• Goal of the exercise: Pull every line that includes the word "This" from the data.

• Data shown:
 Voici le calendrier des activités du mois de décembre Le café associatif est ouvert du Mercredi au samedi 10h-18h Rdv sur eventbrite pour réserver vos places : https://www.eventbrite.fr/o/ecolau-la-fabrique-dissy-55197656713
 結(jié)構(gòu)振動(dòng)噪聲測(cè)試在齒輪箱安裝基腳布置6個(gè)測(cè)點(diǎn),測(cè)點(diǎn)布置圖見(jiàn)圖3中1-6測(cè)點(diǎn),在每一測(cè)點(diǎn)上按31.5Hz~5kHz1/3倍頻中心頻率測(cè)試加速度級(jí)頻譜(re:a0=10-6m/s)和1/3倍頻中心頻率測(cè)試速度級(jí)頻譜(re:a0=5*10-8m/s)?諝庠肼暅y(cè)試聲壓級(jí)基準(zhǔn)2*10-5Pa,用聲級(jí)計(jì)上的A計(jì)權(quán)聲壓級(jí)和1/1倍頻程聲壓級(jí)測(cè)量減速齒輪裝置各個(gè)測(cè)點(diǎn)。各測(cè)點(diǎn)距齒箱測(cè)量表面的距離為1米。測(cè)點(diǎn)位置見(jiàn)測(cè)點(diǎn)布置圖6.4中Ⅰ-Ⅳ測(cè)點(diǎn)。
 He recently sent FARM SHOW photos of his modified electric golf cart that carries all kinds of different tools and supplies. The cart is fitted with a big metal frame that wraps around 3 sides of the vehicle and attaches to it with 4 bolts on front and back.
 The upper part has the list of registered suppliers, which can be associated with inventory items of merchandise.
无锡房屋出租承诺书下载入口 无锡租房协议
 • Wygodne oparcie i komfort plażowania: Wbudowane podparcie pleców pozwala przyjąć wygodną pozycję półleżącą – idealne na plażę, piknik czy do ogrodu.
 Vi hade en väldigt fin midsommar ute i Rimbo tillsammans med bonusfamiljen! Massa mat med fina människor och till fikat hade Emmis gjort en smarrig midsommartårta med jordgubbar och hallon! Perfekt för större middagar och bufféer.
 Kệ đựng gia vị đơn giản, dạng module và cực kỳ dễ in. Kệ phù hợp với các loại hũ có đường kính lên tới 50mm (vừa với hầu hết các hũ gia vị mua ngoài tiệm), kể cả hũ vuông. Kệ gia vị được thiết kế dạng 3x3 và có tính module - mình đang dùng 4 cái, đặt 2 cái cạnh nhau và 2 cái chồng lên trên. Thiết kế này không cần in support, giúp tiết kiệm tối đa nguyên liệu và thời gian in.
--
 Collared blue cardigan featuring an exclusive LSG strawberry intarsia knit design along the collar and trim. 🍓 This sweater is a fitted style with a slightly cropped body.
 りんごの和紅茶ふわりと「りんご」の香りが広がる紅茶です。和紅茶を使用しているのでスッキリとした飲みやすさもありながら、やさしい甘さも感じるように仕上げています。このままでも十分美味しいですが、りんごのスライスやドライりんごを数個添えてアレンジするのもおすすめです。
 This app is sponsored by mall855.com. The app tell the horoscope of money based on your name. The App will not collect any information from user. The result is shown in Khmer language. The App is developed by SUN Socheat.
---
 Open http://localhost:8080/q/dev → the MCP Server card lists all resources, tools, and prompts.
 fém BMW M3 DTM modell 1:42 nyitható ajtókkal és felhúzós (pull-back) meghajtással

• Exercise output:
 Collared blue cardigan featuring an exclusive LSG strawberry intarsia knit design along the collar and trim. 🍓 This sweater is a fitted style with a slightly cropped body.
 This app is sponsored by mall855.com. The app tell the horoscope of money based on your name. The App will not collect any information from user. The result is shown in Khmer language. The App is developed by SUN Socheat.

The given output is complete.